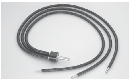
Flexible light guide 3 branch
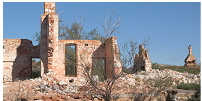
Figure 2: Ruins of Big Bell Hospital today

A Mr James Cunningham wrote to the local paper suggesting that one large financially viable well-staffed hospital in Cue, only eighteen miles distant via the ambulance service, rather than two small hospitals with inadequate funds and limited staff and facilities. None the less the Hospital Committee continued optimistically with plans for a New Year's Eve Carnival and Casino Night to continue fund raising [55-60].
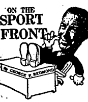
ON THE SPORT FRONT
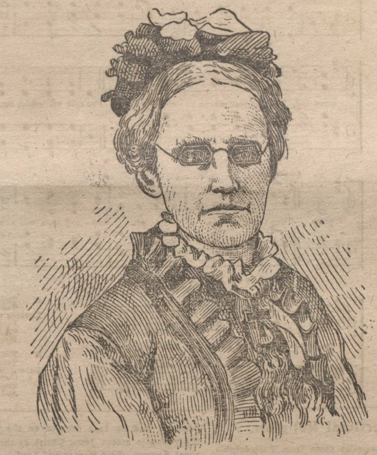
Life of World-wide Service.

They shook hands upon it, the two men who had been spared.—'The British Weekly.'
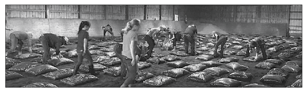
Cedarville University students spreading new rubber footing around the indoor arena.

Thank you to all who give so much! You are truly appreciated!
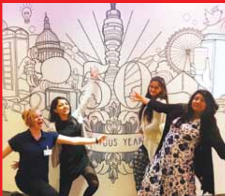
YEAR 11 BT MENTORING STUDENTS GRADUATE & CELEBRATE AT BT TOWERS
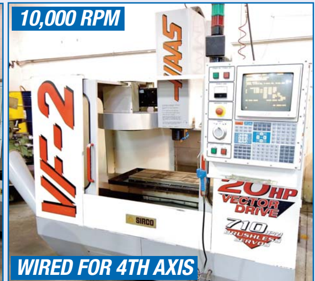
HAAS VF2 CNC VERTICAL MACHINING CENTER
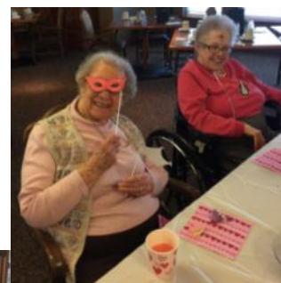
Valentine's Day Fun!
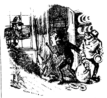
But soft! what light through yonder window breaks? -Shakspeare.
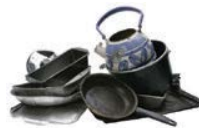
Pots & Pans Kitchen cookware
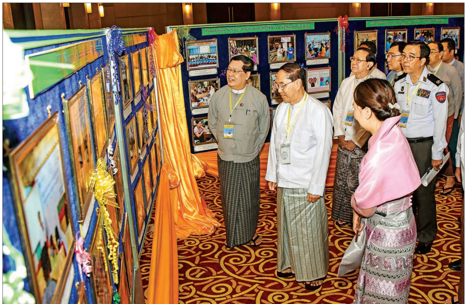
Vice President U Myint Swe looks at documentary photos displayed at the World Population Day Exhibition in Nay Pyi Taw yesterday.

World population Day events were held annually in every country of the world in order that each country and the entire world became aware
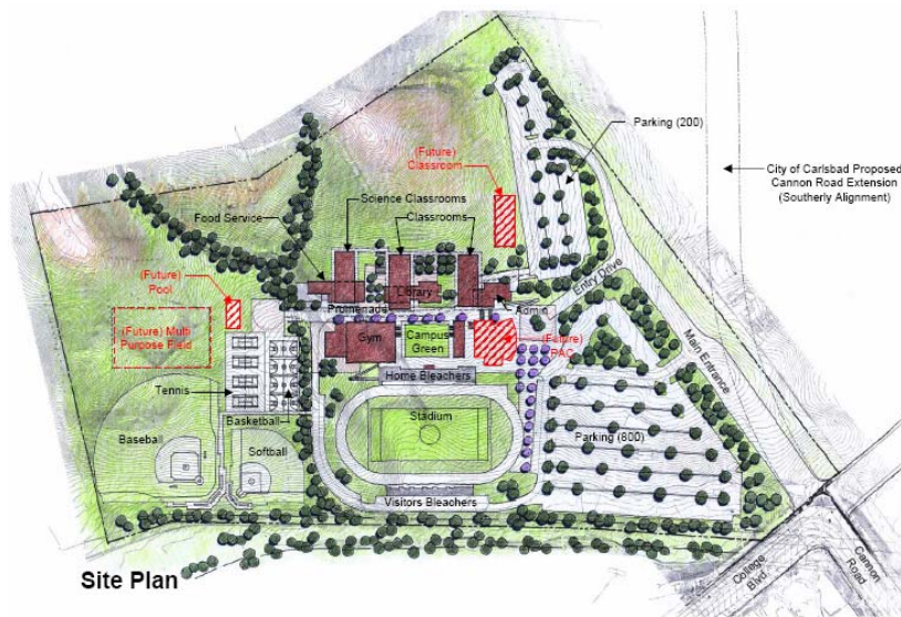
The current plan with the extension to Cannon Road re-routed.
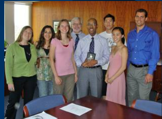
UC Irvine Chancellor Drake meeting with representatives of environmental student groups
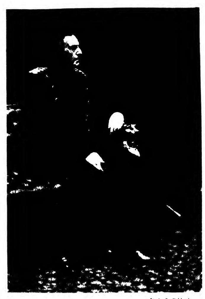
[Scherl's Bilder herst
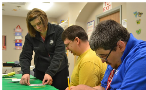
Nebraska CARES designs Christmas cards

Whole Foods Market is at 10020 Regency Circle, Omaha, 68114.
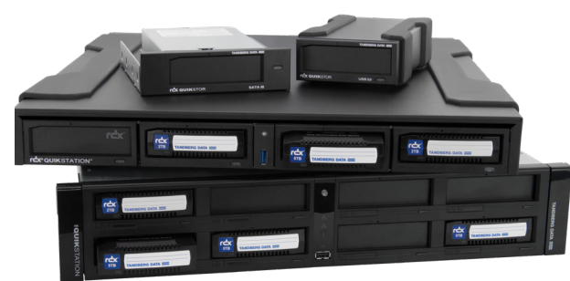
RDX roduct familiy offer ideal solutions for backup, archiving and data exchange for pharmacies and drug stores

* optional features, separate software license required ** available for internal drives with SATA III interface: FIPS 140-2 validation is in progress
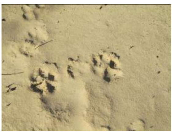
Cat tracks – Lion?

The January field trip was to the "Winter Quarters" site above Snow Canyon. About 25 members participated in the hike on a perfect day.
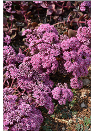
Cherry Tart Stonecrop flowers

Cherry Tart Stonecrop is a fine choice for the garden, but it is also a good selection for planting in outdoor pots and containers. It is often used as a 'filler' in the 'spiller-thriller-filler' container combination, providing a mass of flowers and foliage against which the larger thriller plants stand out. Note that when growing plants in outdoor containers and baskets, they may require more frequent waterings than they would in the yard or garden. Be aware that in our climate, most plants cannot be expected to survive the winter if left in containers outdoors, and this plant is no exception. Contact our experts for more information on how to protect it over the winter months.
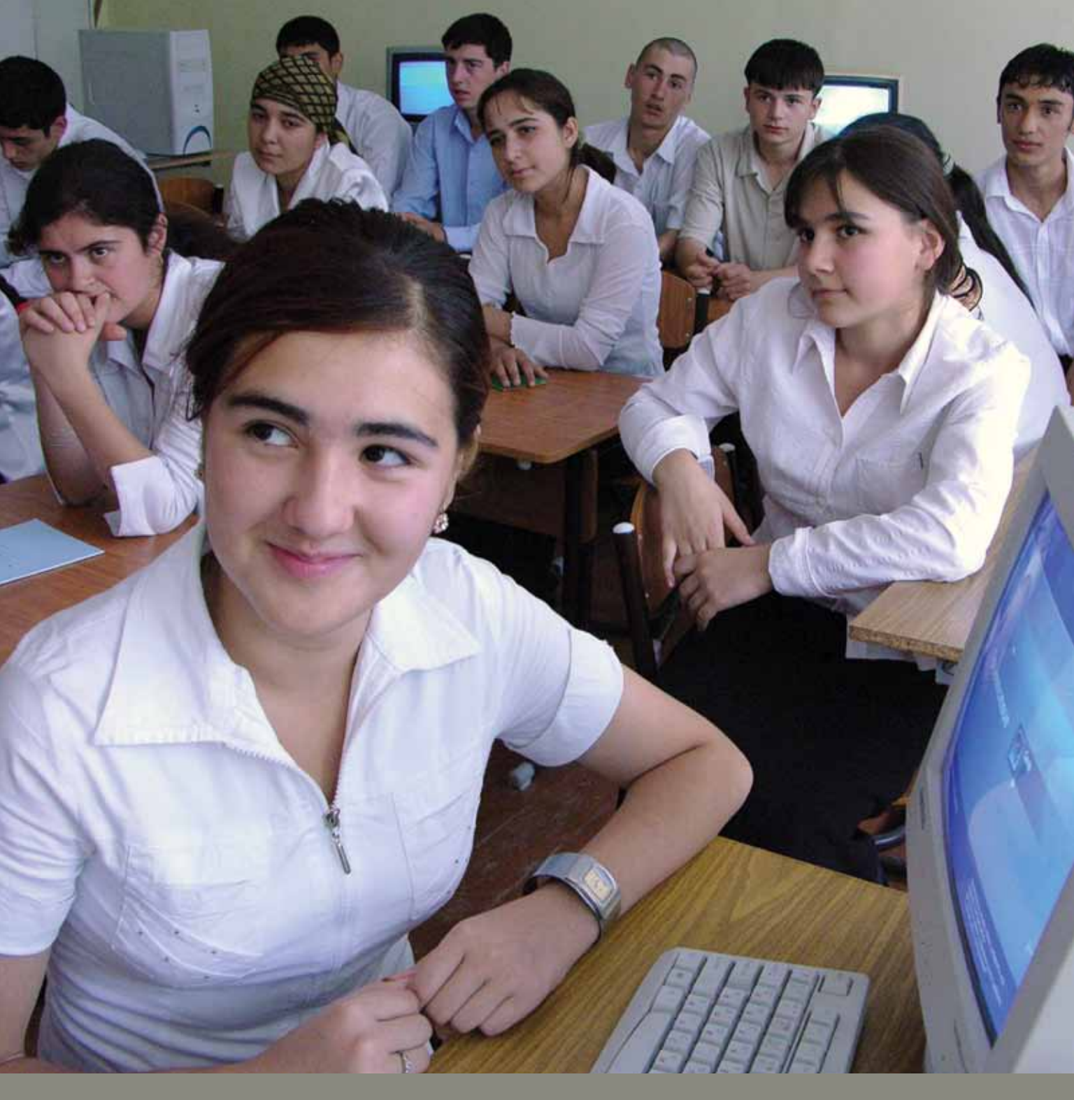
Students in Tajikistan.
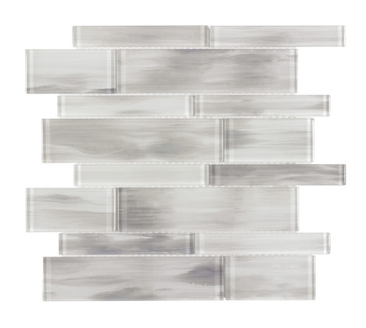
Whirlwind Mix ANTHMGWM 12"x12" Coverage: 0.97 sqft/pc
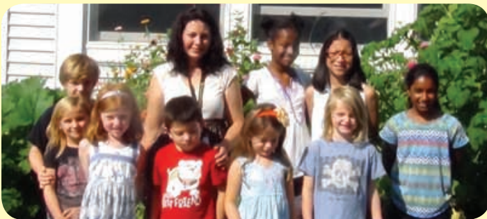
Summer 2013's JumpStart class had so much fun learning together, they vowed to return next summer.
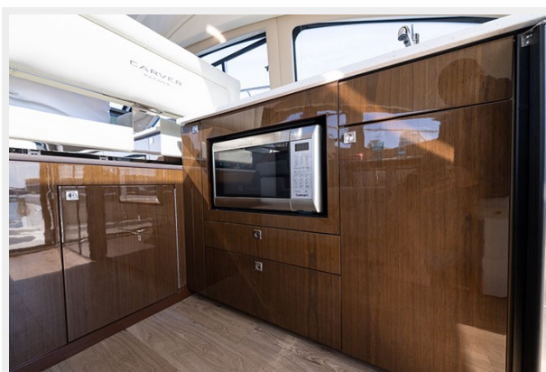
Galley storage area with convection microwave oven and grill
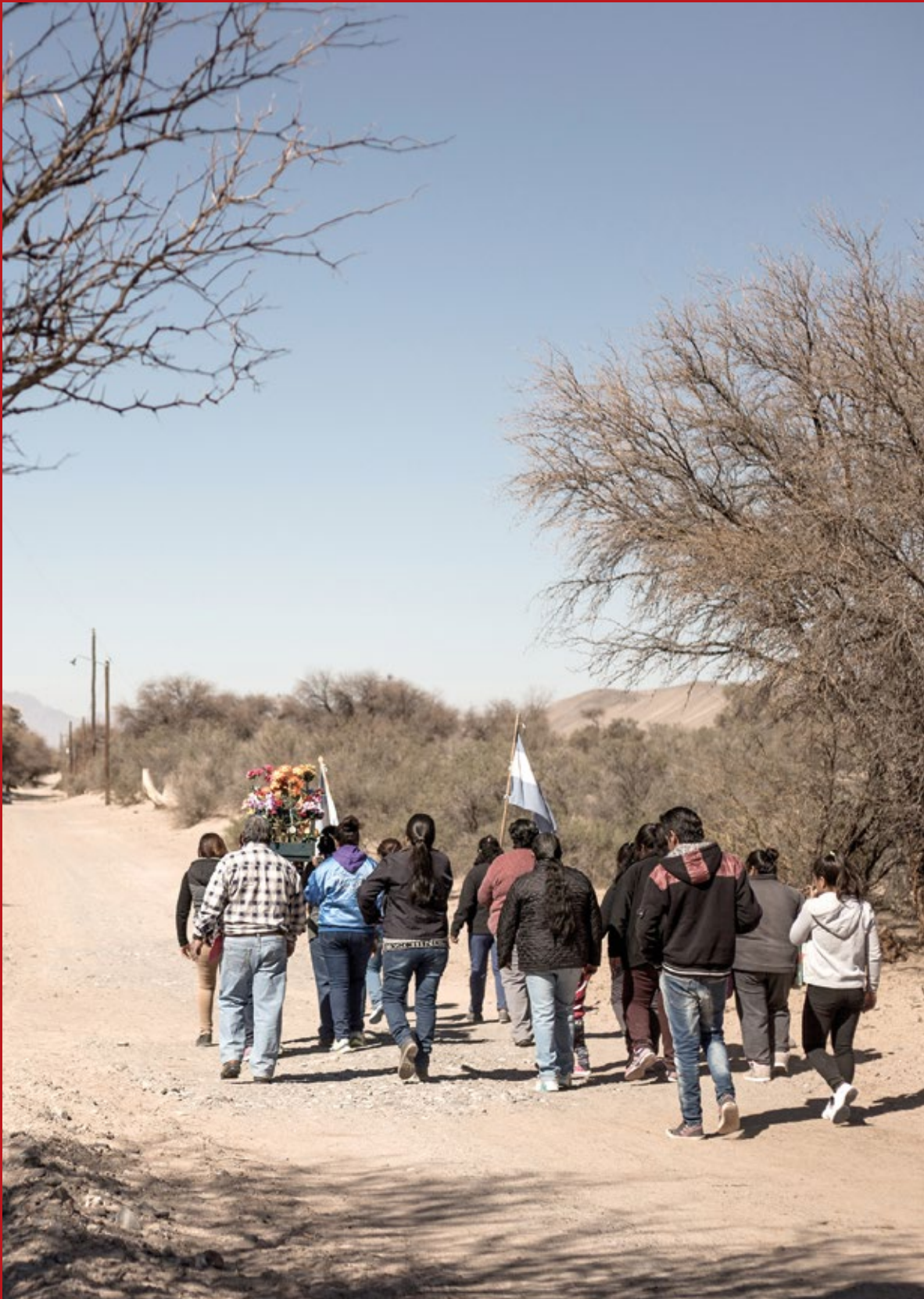
Los Nacimientos Fiambalá. Argentina. 2019.

* Task instructions:
Begin at the first line of the entries and end at the line containing "World population Day events": write out each line exactly, skipping pictures.

* Output:
Flexible light guide 3 branch
Figure 2: Ruins of Big Bell Hospital today

A Mr James Cunningham wrote to the local paper suggesting that one large financially viable well-staffed hospital in Cue, only eighteen miles distant via the ambulance service, rather than two small hospitals with inadequate funds and limited staff and facilities. None the less the Hospital Committee continued optimistically with plans for a New Year's Eve Carnival and Casino Night to continue fund raising [55-60].
ON THE SPORT FRONT
Life of World-wide Service.

They shook hands upon it, the two men who had been spared.—'The British Weekly.'
Cedarville University students spreading new rubber footing around the indoor arena.

Thank you to all who give so much! You are truly appreciated!
YEAR 11 BT MENTORING STUDENTS GRADUATE & CELEBRATE AT BT TOWERS
HAAS VF2 CNC VERTICAL MACHINING CENTER
Valentine's Day Fun!
But soft! what light through yonder window breaks? -Shakspeare.
Pots & Pans Kitchen cookware
Vice President U Myint Swe looks at documentary photos displayed at the World Population Day Exhibition in Nay Pyi Taw yesterday.

World population Day events were held annually in every country of the world in order that each country and the entire world became aware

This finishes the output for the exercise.